Using the entries that follow, transcribe only the lines from the line with "Toruń założony w" to the line with "La doble cita", both included, exactly as they stand and without pictures.

##### SUPPLIED MATERIAL #####

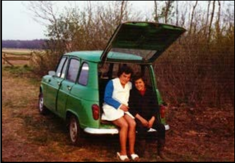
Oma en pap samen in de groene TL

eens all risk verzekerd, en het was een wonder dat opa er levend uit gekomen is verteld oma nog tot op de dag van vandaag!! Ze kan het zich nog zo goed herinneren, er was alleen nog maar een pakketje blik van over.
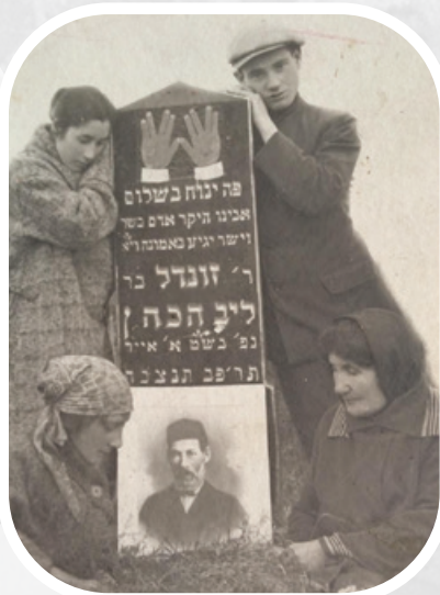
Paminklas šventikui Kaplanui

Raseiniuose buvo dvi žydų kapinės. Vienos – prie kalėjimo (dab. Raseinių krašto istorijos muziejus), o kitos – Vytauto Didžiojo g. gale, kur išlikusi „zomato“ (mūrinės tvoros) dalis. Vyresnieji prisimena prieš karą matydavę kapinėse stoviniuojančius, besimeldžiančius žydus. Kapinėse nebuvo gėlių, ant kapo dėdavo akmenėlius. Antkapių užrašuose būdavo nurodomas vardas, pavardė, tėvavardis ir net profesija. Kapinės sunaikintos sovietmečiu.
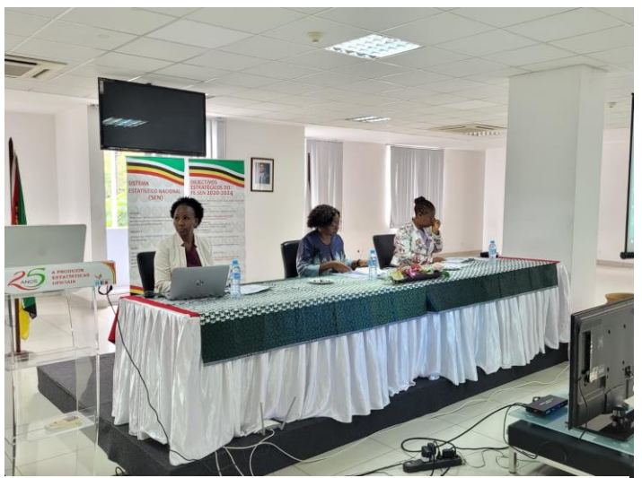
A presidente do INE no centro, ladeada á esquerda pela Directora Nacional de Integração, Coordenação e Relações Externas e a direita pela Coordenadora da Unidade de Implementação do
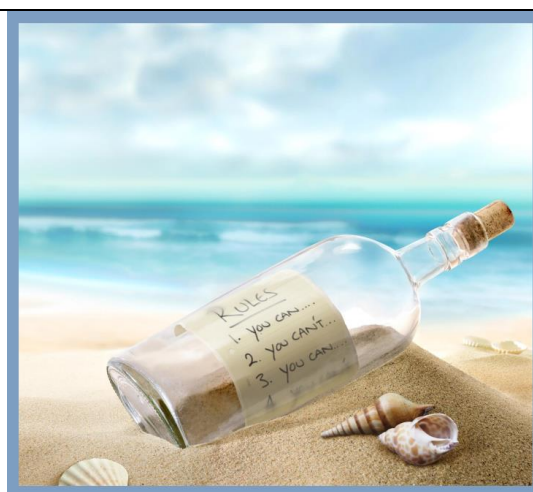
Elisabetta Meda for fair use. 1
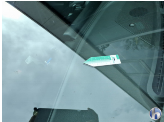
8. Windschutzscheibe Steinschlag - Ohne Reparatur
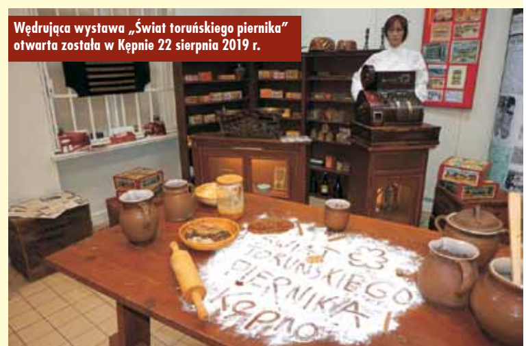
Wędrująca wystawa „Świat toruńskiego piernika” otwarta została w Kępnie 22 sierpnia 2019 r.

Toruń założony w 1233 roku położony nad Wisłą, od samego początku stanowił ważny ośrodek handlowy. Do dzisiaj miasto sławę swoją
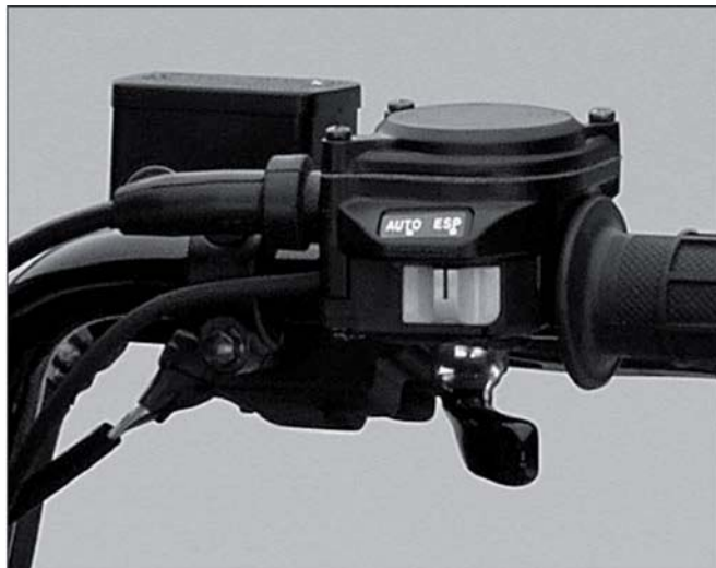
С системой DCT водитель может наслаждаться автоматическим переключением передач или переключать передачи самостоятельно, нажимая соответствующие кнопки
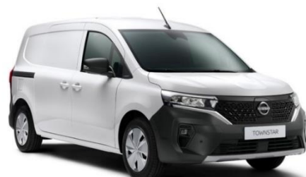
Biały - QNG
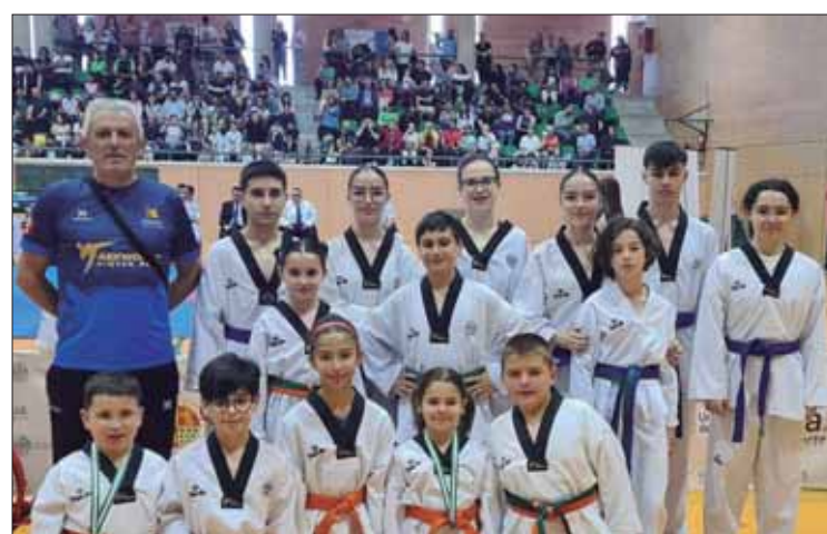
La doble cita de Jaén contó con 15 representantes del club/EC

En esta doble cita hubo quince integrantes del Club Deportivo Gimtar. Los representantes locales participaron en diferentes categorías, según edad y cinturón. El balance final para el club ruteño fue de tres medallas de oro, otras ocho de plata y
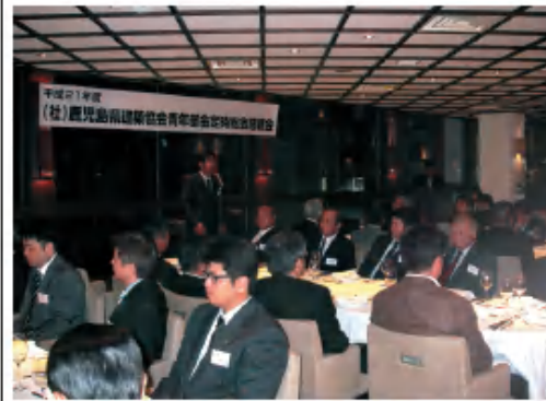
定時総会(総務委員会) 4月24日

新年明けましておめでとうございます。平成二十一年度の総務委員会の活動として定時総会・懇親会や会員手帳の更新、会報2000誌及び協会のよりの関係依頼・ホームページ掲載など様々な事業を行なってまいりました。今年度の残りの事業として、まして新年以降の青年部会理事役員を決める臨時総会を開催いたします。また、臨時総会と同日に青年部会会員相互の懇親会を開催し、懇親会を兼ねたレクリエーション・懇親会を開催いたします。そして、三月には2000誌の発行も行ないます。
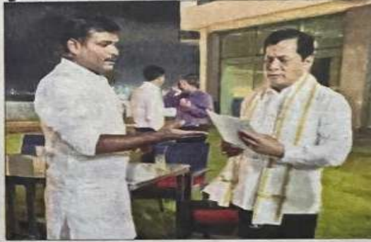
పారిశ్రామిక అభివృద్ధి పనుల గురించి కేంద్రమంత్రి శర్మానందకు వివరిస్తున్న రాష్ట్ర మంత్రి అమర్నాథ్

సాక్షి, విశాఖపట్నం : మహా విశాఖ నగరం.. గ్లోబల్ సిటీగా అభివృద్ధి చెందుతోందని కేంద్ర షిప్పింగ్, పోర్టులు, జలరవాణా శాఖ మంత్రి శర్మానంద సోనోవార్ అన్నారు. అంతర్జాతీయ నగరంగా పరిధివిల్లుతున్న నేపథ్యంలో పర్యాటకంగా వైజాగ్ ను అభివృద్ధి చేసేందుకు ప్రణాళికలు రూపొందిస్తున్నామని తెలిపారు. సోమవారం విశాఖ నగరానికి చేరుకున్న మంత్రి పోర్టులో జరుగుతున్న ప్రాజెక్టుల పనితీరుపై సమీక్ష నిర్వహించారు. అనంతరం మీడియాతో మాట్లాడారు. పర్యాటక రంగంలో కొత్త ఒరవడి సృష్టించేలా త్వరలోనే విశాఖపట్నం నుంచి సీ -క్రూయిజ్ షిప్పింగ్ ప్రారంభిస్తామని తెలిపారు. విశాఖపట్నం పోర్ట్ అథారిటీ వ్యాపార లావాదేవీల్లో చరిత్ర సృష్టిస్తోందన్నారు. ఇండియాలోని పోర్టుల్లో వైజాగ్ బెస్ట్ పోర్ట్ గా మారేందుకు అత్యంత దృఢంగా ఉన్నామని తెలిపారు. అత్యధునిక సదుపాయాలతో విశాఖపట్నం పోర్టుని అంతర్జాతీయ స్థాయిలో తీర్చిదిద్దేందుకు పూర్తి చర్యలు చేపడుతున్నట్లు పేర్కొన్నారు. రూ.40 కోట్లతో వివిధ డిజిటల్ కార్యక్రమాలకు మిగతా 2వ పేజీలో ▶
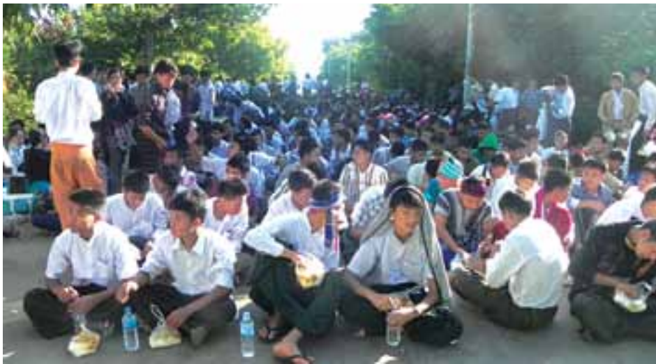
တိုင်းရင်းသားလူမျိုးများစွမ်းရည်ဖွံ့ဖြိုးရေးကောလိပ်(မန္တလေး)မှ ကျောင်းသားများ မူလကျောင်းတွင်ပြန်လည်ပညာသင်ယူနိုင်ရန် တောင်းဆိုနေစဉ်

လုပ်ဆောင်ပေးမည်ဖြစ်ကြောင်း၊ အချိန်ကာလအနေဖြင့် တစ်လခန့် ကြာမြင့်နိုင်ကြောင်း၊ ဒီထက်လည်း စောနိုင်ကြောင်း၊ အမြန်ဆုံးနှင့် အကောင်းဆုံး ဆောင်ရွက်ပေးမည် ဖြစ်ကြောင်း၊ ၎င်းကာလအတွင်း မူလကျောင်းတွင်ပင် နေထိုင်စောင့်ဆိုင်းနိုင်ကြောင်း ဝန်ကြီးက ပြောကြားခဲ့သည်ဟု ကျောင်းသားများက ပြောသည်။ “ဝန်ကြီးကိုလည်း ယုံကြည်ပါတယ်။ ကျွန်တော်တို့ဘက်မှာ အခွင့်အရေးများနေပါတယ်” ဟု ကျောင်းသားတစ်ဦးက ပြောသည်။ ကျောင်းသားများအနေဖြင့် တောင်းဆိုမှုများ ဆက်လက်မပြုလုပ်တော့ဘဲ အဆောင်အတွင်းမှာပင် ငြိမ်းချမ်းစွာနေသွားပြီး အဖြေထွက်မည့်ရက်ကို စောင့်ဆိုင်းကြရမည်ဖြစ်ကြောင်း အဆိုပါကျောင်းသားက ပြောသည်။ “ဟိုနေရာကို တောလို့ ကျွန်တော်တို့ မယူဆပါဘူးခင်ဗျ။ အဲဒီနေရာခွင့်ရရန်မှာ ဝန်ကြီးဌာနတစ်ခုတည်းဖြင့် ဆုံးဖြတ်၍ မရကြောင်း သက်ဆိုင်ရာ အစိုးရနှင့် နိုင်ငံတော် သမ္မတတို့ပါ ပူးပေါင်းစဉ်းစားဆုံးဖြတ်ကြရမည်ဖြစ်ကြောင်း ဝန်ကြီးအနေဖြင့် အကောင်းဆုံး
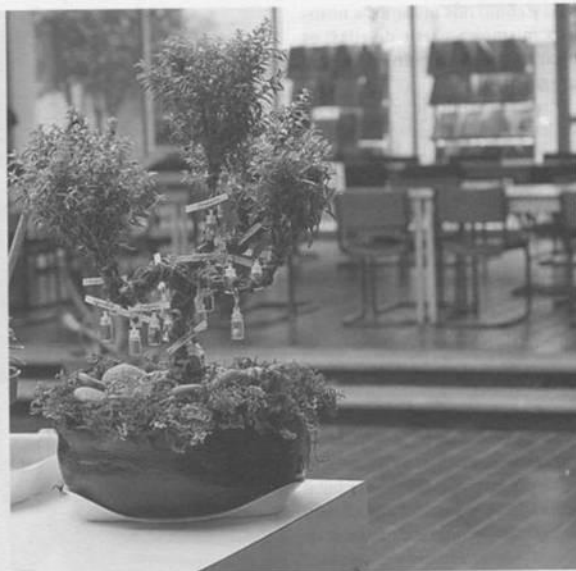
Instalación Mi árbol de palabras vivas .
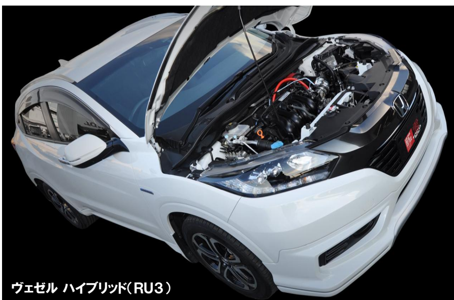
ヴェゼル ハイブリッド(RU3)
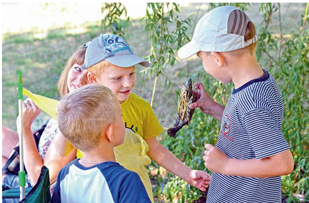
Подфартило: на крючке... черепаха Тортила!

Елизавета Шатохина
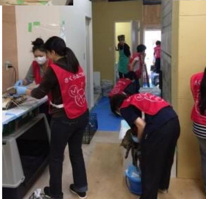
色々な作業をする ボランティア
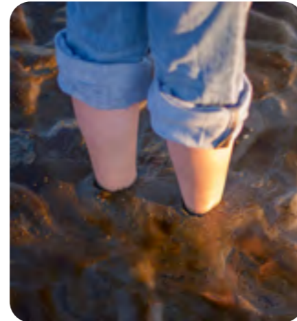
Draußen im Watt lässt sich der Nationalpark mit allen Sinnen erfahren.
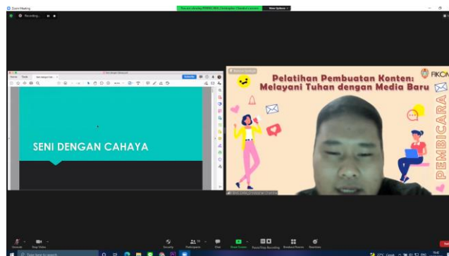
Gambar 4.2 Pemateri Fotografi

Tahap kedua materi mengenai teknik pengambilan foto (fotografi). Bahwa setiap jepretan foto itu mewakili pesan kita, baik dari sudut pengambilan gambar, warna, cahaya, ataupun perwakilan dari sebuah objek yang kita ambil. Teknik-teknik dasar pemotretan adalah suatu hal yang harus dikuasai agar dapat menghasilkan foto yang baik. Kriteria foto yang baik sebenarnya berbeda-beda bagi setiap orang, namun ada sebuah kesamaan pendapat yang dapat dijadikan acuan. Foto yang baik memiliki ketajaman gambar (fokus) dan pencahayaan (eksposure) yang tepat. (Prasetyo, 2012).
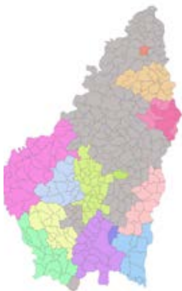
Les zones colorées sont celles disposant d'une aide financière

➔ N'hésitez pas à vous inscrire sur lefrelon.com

#####

• _RESPONSE TO THIS EXERCISE_:
Toruń założony w 1233 roku położony nad Wisłą, od samego początku stanowił ważny ośrodek handlowy. Do dzisiaj miasto sławę swoją
С системой DCT водитель может наслаждаться автоматическим переключением передач или переключать передачи самостоятельно, нажимая соответствующие кнопки
Biały - QNG
La doble cita de Jaén contó con 15 representantes del club/EC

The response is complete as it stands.